Не обремененная детскими иллюзиями, семейными преданиями, волнением перед возможным несовпадением фантазий и реальности, Швыркова первой, смело, без замирания сердца переступила через порог:
— Нам разрешили посмотреть квартиру… эта, как ее?.. бабка там, внизу.
— Смотри, коли разрешили. А мы, видишь, плитку отбиваем. На что ее только клали … такую? Не иначе, на яйцах цемент замешивали…
Прапрабабушкина квартира лежала в руинах. Пыль веков стояла столбом. Клочьями висели обои, повсюду громоздились мешки со старым паркетом и кусками штукатурки, но, как ни странно, разбитая и разгромленная, старинная квартира не вызывала чувства жалости.
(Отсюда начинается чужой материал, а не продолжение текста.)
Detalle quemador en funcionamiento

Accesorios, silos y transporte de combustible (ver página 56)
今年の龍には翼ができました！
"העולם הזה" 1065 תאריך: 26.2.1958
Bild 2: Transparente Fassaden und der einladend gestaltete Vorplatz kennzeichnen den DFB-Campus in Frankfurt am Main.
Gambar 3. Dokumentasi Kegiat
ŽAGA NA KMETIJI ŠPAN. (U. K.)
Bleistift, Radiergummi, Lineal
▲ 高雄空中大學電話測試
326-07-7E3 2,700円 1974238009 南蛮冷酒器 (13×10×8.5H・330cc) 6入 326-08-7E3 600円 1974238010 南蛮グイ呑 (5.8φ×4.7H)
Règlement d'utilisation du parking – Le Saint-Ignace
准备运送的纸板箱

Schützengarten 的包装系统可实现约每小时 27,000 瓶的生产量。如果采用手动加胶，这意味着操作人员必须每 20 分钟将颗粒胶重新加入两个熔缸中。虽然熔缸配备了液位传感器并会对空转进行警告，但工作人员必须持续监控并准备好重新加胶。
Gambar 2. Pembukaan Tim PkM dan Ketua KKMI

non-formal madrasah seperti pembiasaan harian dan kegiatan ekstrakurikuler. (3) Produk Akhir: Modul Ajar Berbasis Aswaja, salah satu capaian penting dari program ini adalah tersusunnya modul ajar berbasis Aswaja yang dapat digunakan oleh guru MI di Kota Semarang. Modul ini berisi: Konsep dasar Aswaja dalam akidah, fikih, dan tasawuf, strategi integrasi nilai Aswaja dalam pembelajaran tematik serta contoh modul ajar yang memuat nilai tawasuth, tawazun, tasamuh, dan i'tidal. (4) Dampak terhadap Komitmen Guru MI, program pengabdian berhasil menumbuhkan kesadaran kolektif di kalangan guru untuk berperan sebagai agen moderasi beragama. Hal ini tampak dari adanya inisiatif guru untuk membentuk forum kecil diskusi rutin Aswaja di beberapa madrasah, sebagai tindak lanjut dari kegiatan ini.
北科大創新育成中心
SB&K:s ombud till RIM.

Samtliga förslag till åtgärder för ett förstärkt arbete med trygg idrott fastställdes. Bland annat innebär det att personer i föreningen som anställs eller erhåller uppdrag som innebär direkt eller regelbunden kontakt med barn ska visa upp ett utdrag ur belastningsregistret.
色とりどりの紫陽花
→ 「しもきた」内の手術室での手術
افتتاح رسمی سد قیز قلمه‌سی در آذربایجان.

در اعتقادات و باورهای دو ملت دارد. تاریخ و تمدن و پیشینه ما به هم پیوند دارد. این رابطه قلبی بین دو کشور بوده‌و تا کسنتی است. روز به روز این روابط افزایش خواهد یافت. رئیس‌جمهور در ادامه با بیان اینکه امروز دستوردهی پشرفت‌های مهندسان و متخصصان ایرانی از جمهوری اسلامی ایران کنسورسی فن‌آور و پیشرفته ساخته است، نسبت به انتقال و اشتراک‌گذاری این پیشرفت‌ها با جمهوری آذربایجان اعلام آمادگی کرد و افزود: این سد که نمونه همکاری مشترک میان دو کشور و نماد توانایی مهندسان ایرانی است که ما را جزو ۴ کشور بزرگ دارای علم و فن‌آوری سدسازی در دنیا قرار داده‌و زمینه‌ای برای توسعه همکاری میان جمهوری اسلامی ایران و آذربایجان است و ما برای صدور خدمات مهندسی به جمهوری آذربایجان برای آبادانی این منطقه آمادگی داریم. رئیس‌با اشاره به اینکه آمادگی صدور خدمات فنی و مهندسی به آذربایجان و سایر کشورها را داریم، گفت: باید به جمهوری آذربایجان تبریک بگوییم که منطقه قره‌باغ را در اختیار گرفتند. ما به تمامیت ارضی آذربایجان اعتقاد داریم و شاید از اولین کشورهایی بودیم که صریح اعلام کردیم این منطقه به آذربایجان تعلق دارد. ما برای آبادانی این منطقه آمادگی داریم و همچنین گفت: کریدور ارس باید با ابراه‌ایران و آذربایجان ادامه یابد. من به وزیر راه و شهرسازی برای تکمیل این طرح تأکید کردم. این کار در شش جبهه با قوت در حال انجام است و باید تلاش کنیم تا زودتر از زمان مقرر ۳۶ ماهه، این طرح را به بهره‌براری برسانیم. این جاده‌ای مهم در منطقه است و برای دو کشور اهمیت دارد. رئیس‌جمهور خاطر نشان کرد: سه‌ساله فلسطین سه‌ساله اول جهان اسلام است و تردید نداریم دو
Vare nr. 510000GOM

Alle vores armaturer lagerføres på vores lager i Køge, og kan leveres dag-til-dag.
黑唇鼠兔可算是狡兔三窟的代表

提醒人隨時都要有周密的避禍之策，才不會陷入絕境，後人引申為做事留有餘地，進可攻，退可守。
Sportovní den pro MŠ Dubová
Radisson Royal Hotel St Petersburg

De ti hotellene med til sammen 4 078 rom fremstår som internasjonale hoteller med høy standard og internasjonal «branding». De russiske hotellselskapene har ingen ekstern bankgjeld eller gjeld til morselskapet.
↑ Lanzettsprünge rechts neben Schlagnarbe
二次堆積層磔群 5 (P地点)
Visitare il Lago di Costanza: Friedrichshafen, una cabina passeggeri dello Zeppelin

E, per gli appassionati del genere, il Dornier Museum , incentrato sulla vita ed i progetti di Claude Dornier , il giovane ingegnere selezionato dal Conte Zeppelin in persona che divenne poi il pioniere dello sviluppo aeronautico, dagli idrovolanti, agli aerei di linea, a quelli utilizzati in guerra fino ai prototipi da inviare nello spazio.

Руины были величественными. Внушали трепет. Кажется, праправнучка очутилась здесь очень даже вовремя! Если бы со всех сторон на нее смотрели «стенки», телевизоры, холодильники, на окнах с пальмообразными переплетами болтались тюлевые занавески, а с высоченных лепных потолков свисали дешевые люстры с плафончиками, она никогда не прониклась бы духом этой квартиры так, как сейчас.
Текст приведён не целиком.